WHAT THE TASK REQUIRES -> Begin at the line below that holds "Talla grande Camiseta" and end at the line that holds "Wooden Kitchen Play", transcribing each line exactly and skipping any picture.

DATASET ->
§ §
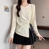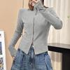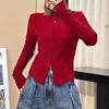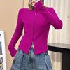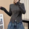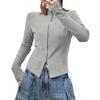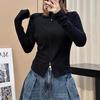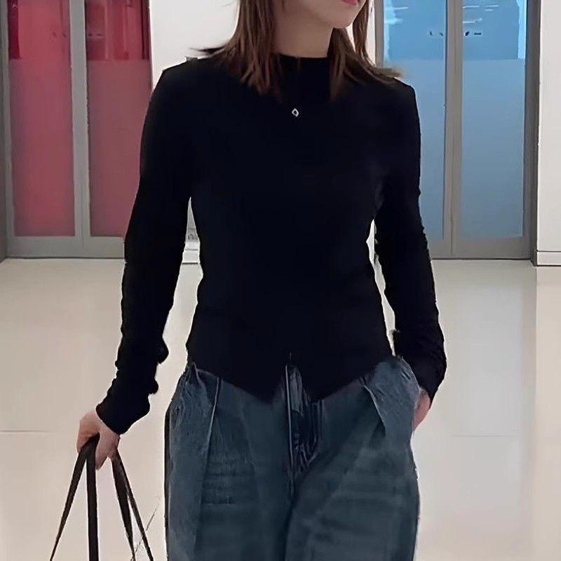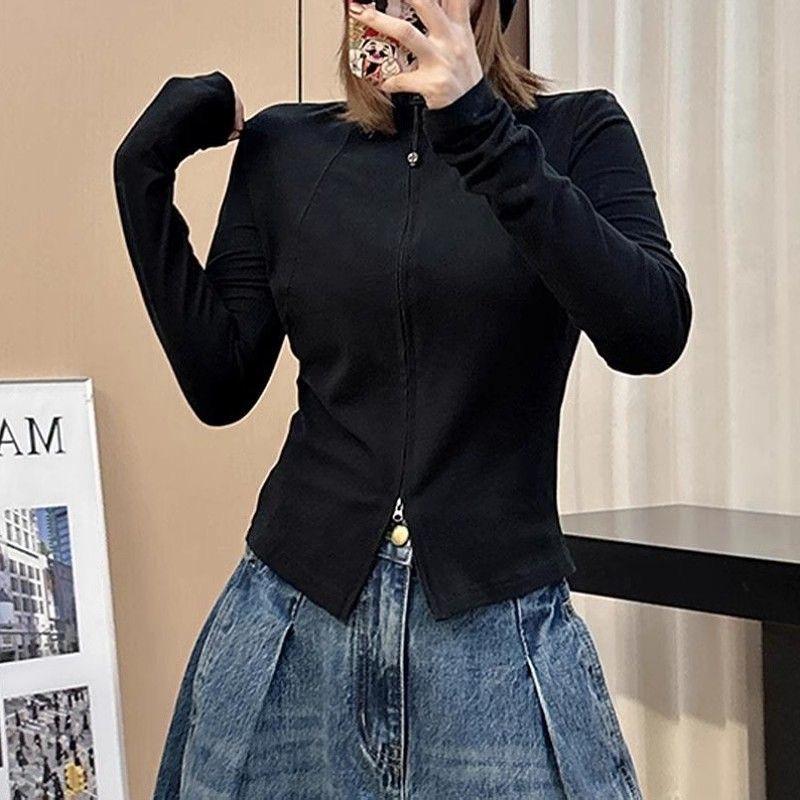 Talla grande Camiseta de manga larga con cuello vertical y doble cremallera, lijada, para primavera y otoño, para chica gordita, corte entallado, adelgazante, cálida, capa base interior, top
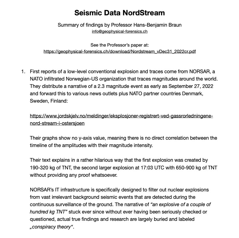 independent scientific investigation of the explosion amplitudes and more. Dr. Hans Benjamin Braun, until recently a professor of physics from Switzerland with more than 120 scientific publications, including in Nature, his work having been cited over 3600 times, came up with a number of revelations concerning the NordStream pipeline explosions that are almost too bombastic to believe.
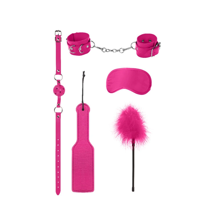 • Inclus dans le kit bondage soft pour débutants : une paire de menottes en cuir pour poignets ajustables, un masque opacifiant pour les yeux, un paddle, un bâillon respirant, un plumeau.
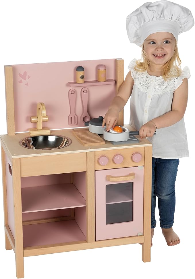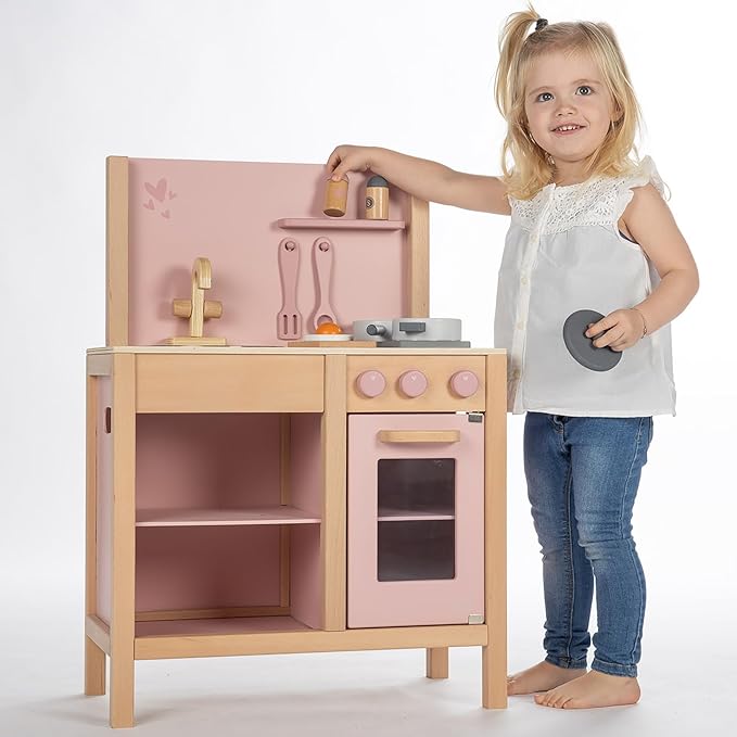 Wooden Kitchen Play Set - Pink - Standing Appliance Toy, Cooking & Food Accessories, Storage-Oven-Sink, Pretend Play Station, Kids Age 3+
§ §
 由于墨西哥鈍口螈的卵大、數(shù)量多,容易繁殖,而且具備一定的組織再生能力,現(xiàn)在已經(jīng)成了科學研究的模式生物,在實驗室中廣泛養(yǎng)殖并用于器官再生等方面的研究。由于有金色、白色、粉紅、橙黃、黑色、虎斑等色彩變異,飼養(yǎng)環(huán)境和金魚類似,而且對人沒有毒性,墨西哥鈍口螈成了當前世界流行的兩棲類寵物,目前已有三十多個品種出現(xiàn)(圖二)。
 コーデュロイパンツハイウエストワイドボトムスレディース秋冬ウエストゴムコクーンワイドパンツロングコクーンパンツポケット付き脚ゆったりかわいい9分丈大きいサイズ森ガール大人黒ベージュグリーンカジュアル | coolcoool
§ §
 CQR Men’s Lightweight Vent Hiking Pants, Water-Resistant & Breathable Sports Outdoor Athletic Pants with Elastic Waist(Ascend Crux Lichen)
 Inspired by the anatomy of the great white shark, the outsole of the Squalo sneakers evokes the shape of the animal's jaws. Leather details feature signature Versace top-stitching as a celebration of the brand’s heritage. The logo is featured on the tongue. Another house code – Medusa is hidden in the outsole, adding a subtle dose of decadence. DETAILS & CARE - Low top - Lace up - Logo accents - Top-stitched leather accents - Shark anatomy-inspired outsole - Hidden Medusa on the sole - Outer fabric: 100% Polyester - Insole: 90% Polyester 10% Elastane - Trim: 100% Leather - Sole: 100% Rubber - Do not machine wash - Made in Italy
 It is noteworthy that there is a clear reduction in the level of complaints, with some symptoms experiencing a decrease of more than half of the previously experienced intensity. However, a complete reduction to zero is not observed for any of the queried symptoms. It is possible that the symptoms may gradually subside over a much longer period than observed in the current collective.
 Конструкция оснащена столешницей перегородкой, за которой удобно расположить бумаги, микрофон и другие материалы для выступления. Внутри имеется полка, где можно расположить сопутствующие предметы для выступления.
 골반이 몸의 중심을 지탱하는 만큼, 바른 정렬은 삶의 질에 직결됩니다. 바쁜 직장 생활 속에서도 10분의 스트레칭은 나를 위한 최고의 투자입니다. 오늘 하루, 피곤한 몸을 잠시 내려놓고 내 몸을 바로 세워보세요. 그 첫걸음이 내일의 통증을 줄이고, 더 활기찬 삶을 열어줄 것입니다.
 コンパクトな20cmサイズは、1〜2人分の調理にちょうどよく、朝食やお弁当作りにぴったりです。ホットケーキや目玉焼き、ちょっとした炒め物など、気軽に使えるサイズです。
§ §
EXERCISE SOLUTION ->
 Talla grande Camiseta de manga larga con cuello vertical y doble cremallera, lijada, para primavera y otoño, para chica gordita, corte entallado, adelgazante, cálida, capa base interior, top
 independent scientific investigation of the explosion amplitudes and more. Dr. Hans Benjamin Braun, until recently a professor of physics from Switzerland with more than 120 scientific publications, including in Nature, his work having been cited over 3600 times, came up with a number of revelations concerning the NordStream pipeline explosions that are almost too bombastic to believe.
 • Inclus dans le kit bondage soft pour débutants : une paire de menottes en cuir pour poignets ajustables, un masque opacifiant pour les yeux, un paddle, un bâillon respirant, un plumeau.
 Wooden Kitchen Play Set - Pink - Standing Appliance Toy, Cooking & Food Accessories, Storage-Oven-Sink, Pretend Play Station, Kids Age 3+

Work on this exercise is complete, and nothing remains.